Antoine Triller, born on 23 May 1952, is research director at the Institut national de la santé et de la recherche médicale (Inserm). He is a researcher in neurobiology.
Antoine Triller has a medical background at the university hospital centre of La Pitié Salpetrière (1978). In Jean Scherrer's laboratory, he turned to neurophysiology and initiated research work on inhibitory synapses with Henri Korn, a specialist in the field.[1]
In 1979, he was recruited as a research associate at Inserm. In 1985, he obtained his PhD in science.
In 1995, he joined the Biology Department of the École normale supérieure where he was in charge of a team. He then created his research unit entitled "Cell Biology of the Synapse" in 1998. Among his doctoral students was Cécile Charrier.
In 2010, he created the Institut de Biologie de l'École normale supérieure, of which he is the director. This institute is the result of the grouping of all biology within the department. Since 2011, he has also been Director of the MemoLife Laboratory of Excellence, whose biology, physics and mathematics teams address memory processes, from genes to neural networks and the mechanisms of evolution.
Triller is the winner of several prizes, including the Inserm prize for "Physiology and Physiopathology" in 2004 and the Lamonica Prize of the French Academy of sciences in 2010. He was elected a member of the French Academy of sciences in 2011.[2]
He has been President of the Union rationaliste de France since 2019.[3]
By working on the Mauthner cell, a model used in the 1980s to study the quantum release mechanisms of neurotransmitters in the central nervous system, Triller began to focus on the intimate mechanisms of synapses and the molecules that compose them. It works on the development of technological approaches in partnership with physicists. They make it possible to characterize certain structural parameters of quantum release.[4] As early as 1985, he was able to visualize the glycine receptor in the synapses of the central nervous system by electron microscopy and show that neurotransmitter receptors are concentrated in front of the synaptic vesicle release zones.[5] This work has been used as a model to locate most channels and receptors, such as glutamate receptors. Triller demonstrated the possibility of a co-transmission involving two conventional transmitters, glycine and GABA.
He created his laboratory at the École normale supérieure de la rue d'Ulm in 1995 and reoriented his activities towards the study of the molecular and cellular mechanisms that control the recruitment and trafficking of receptors in the synapse. Triller studied GABA and glycine receptors in particular.[6] [7] He showed that the nature of the pre-synaptic neurotransmitter determined the type of receptor accumulating in the post synaptic density. In addition, using electron microscopy, he was able to demonstrate the presence of messenger RNAs encoding the glycine receptor in dendrites.

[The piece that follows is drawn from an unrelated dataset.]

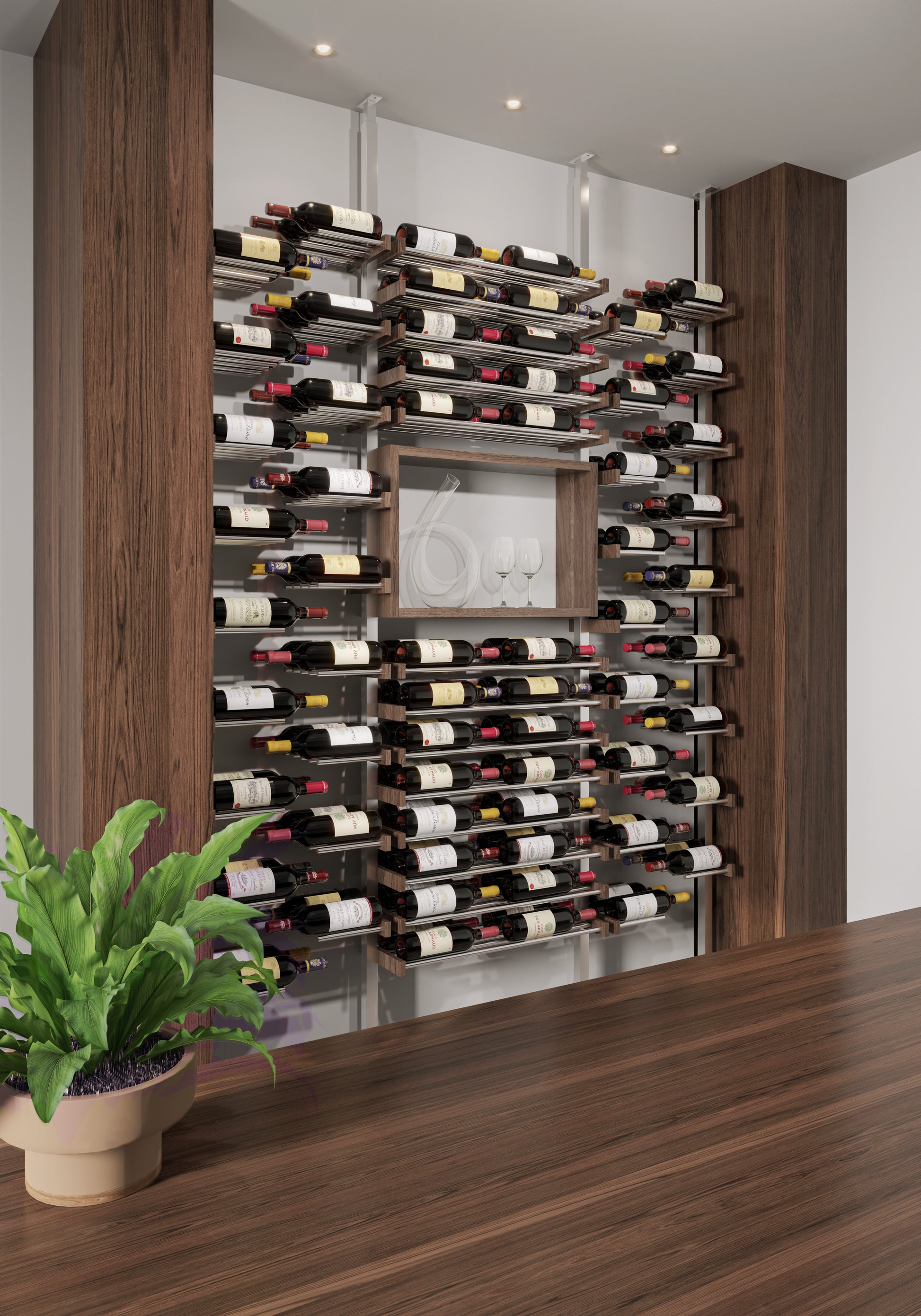 The 186-bottle Signature Wine Wall Display features 3-deep label-forward and floating bottles. Also includes a display shelf for spirits, decanter, or art pieces.

In 2003, in partnership with physicists, he developed the use of "quantum dots" for cellular neurobiology. This technological advance makes it possible to move from static imaging of molecules to a very high resolution dynamic approach. It is the subject of a founding article in Science[8] that highlights multiple molecular mechanisms responsible for regulating these movements and ultimately the intensity of information transmission between neurons.[9] [10] [11] [12] Triller has contributed to a new understanding of the mechanisms of addressing stability and plasticity of the synapse, making it possible to broaden pharmacological approaches to neural dysfunctions.
One of Triller's contributions has been to demonstrate that these fundamental mechanisms are deregulated in neurodegenerative diseases such as Alzheimer's and Parkinson's.[13]